Good luck either way Hun, I know adoption is a lengthy process but one most deffinatly worthy

X


----------



## Axl2

Hi, I think you are worried over nothing. My husband and I are starting the adoption process. I think its a great thing!! We don't have any kids and was told that only way of getting pregnant was through IVF. IVF scares me so we have moved onto adoption. Good luck in the information session!!


----------



## TTC First

I have never adopted however I have been fostering infants for several years now. I would not worry about the bonding. When we get babies they are easy to bond with as this is all they know. Unfortunately with the toddlers they can be so confused with everything that is going on and so neglected that they end up calling us mom and dad in the first and second day.

You could try fostering before you commit to adoption. I am not sure how it works where you are however we have a foster to adopt program in Canada. This means that they will give us kids that have a higher likelihood of not go home and if they do go for adoption they tend to look at you for adoption first. 
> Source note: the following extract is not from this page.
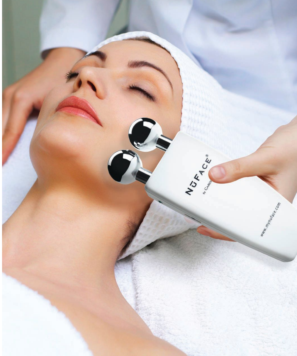
NuFACE at Laguna Image Skin Care

To enter, scan this code, or visit ocinsite.com/spagiveaway

Just remember that adoption is a very long and detailed process. It takes a lot of commitment and patience.


----------



## TTCMrsT

Missk1989 I am in a similar position, struggling to TTC and not eligible for IVF on the NHS and I am scared of spending a lot of money for it to fail where I could spend it on a child who desperately needs a loving home. 
OH wasn't so convinced but is coming around to adoptiin but now I seem to be swaying more to fostering. My worry with adoption is the process of explaining that we aren't birth parents. 
How are your thoughts on it after a few days?


----------